◆ Task to carry out
Could you give back exactly the lines below from the one with "Wi-Fi 6E | ★★★★★ | ★★☆☆☆ |" through the one with "Do you like", without a single picture?

# # # #

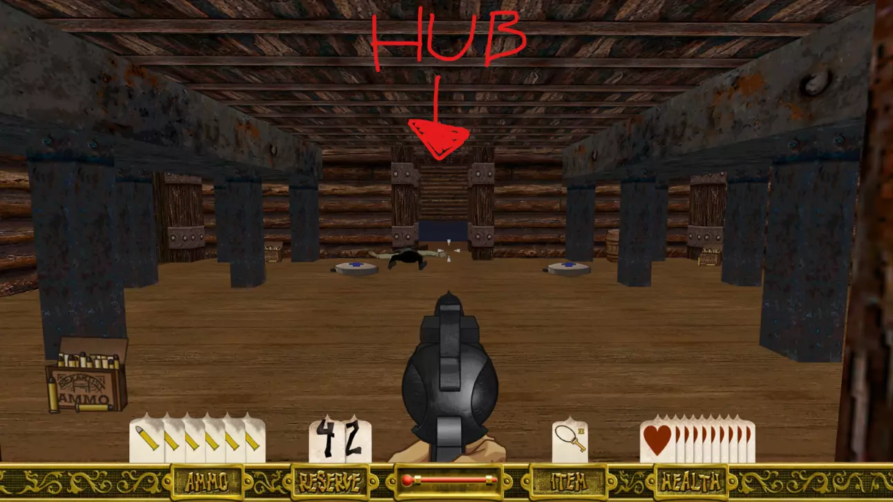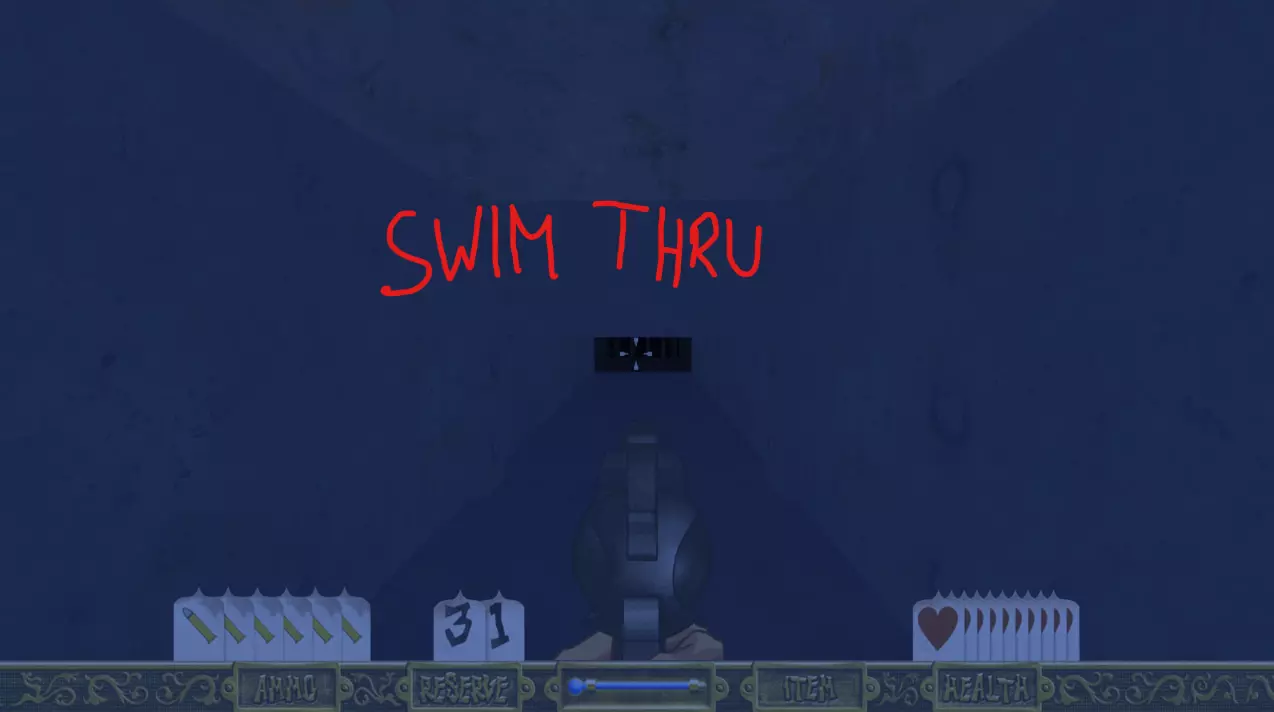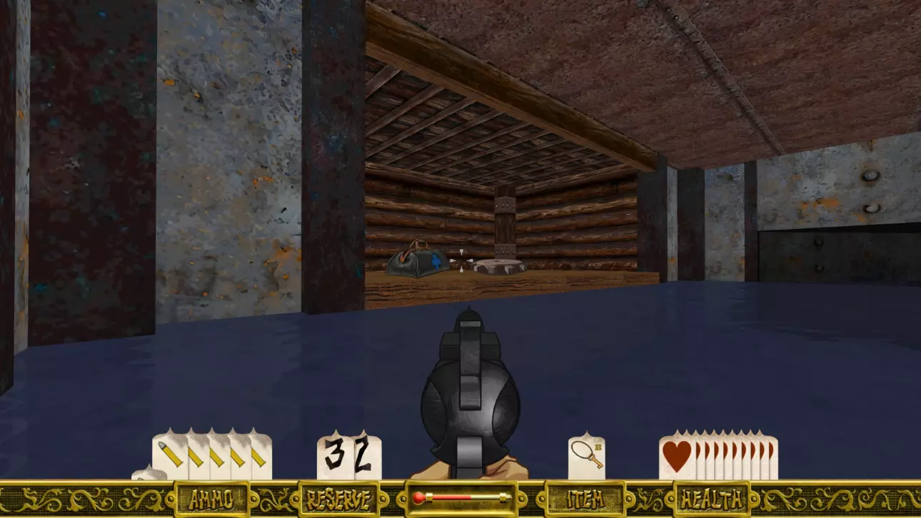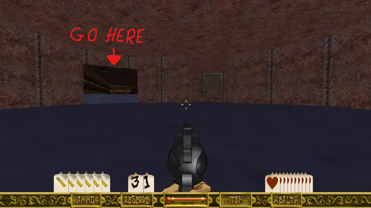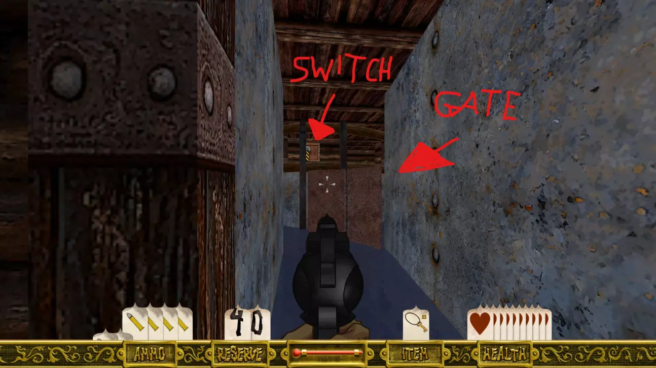 沿着走廊前进,逐个清理房间,你会遇到几个红色按钮(一个在左侧房间,一个在右侧房间)。按下右侧的按钮会打开通往隔壁房间的门,你可以透过铁栅栏看到里面。房间里装满了弹药和生命值道具。 左侧的按钮会打开走廊尽头的门。准备好后穿过那扇门。 走廊会继续延伸一段距离,左侧有一扇门需要铁钥匙才能打开。记住这扇门,稍后会用到。 径直往前走会到达第一个有水的区域,这是本关卡中你需要频繁返回的最重要部分,算是一个中心枢纽。(留意你身后右侧那扇“纹丝不动”的门,它稍后会打开。)
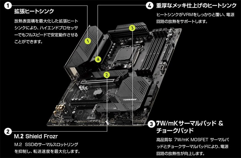 | MSI TOMAHAWK | ATX | 14フェーズ | Wi-Fi 6E | ★★★★★ | ★★☆☆☆ |
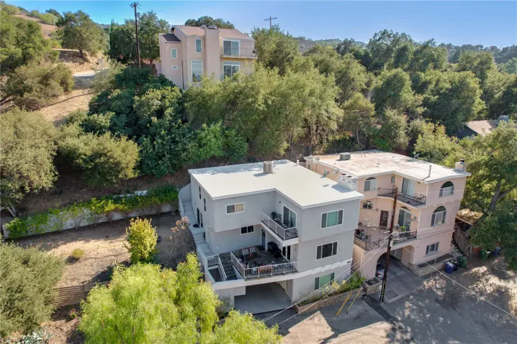 Do you like the tranquility of being in the outdoors? If so, then this home is for you! Located on a quiet cul-de-sac street surrounded by lush trees and just a stone throws away from incredible hiking trails that will take you to Mulholand while you enjoy all the beautiful mountain scenery. This large 4-bedroom 3 bath home sits on 2 separate parcels with separate APN’s giving you plenty of space to possibly build an ADU or other possibilities. There are plenty of outdoor sitting areas for you to entertain and take in the incredible views from the large porch. The home has high ceilings, newer windows and doors letting in all that natural light. there are 2 separate living rooms giving you ample space for entertaining. The home has 2 fireplaces, 1 in the living room and another in the large primary suite. all 4 bedrooms are on the upper floor with a remodeled bathroom between bedrooms and a remodeled bathroom in the primary suite with large walk-in shower and soaking tub. there are dual sinks vanities a walk-in closet and a balcony with incredible mountain views, perfect for those relaxing mornings. Connected to the living room is a dining room that is right off the kitchen. Adjacent to the kitchen is the laundry room with a door that leads out to the side property. The adjacent property has sprinklers as well as a drip irrigation system and a wood fence. The 384 square foot bonus space on the ground level has dual entry doors and would make a great office space, studio, workshop or a possible rental unit. Come see what this fabulous home has to offer.
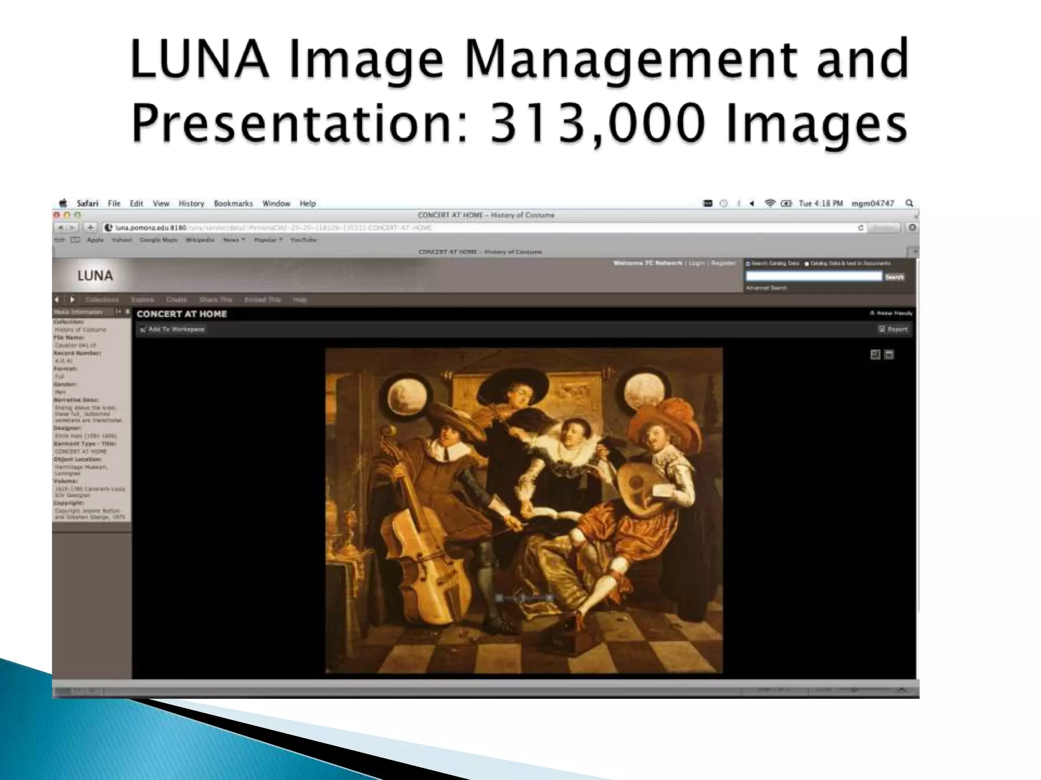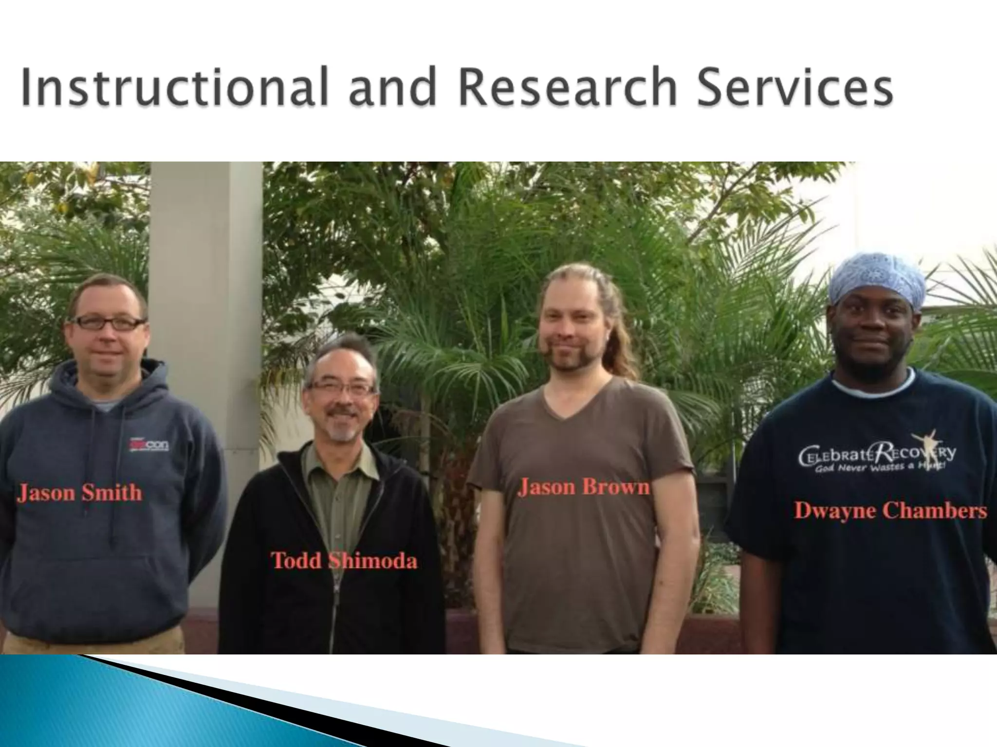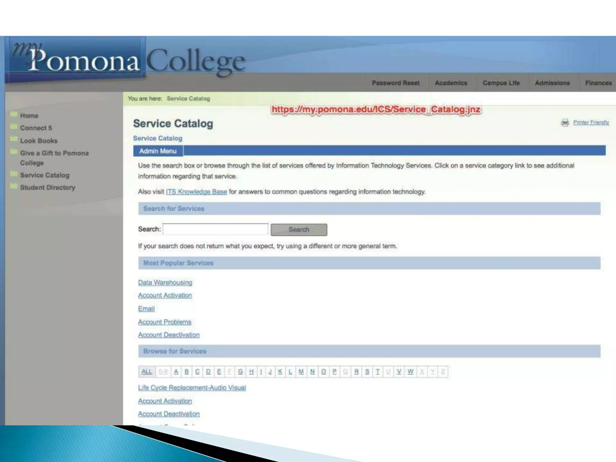 The document outlines the departments and services of the Information Technology Services department at Pomona College, including network infrastructure support, classroom technology support, security services, project management, and support for administrative systems like the campus portal and learning management system. It provides an overview of the staffing and some key metrics for service usage. The document also discusses some strategic initiatives and technology challenges facing the department.
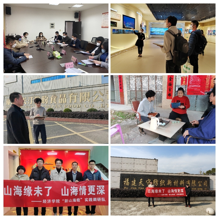 为进一步探求晋江长汀“山海协作”的协作样板与经验示范,经济学院“新山海经”实践调研队前往两地开展以“山海缘未了,山海情更深”为主题的寒假社会实践活动。实践队在晋江农业农村局、晋江市委党校、内坑镇、磁灶镇等地开展学习调研,通过与当地负责人深入沟通,实践队深刻领悟到理论知识与社会实际相结合的重要性。随后,实践队来到长汀县探访盼盼食品、天守集团、得力机电等当地民营企业,进行问卷调查与分析。在长汀南山镇、河田镇、铁长乡等地,实践队走访当地镇政府,采访当地干部,深入观察乡镇的现状和建设,了解走进古村落体验当地风土人情,感受乡村振兴下村落的翻天覆地的变化。农村经济发展之迅猛,乡村面貌变化之巨大,让实践队对“山海协作”模式有了更深刻的理解和感悟。

# # # #

◆ Answer for this exercise
 | MSI TOMAHAWK | ATX | 14フェーズ | Wi-Fi 6E | ★★★★★ | ★★☆☆☆ |
 Do you like the tranquility of being in the outdoors? If so, then this home is for you! Located on a quiet cul-de-sac street surrounded by lush trees and just a stone throws away from incredible hiking trails that will take you to Mulholand while you enjoy all the beautiful mountain scenery. This large 4-bedroom 3 bath home sits on 2 separate parcels with separate APN’s giving you plenty of space to possibly build an ADU or other possibilities. There are plenty of outdoor sitting areas for you to entertain and take in the incredible views from the large porch. The home has high ceilings, newer windows and doors letting in all that natural light. there are 2 separate living rooms giving you ample space for entertaining. The home has 2 fireplaces, 1 in the living room and another in the large primary suite. all 4 bedrooms are on the upper floor with a remodeled bathroom between bedrooms and a remodeled bathroom in the primary suite with large walk-in shower and soaking tub. there are dual sinks vanities a walk-in closet and a balcony with incredible mountain views, perfect for those relaxing mornings. Connected to the living room is a dining room that is right off the kitchen. Adjacent to the kitchen is the laundry room with a door that leads out to the side property. The adjacent property has sprinklers as well as a drip irrigation system and a wood fence. The 384 square foot bonus space on the ground level has dual entry doors and would make a great office space, studio, workshop or a possible rental unit. Come see what this fabulous home has to offer.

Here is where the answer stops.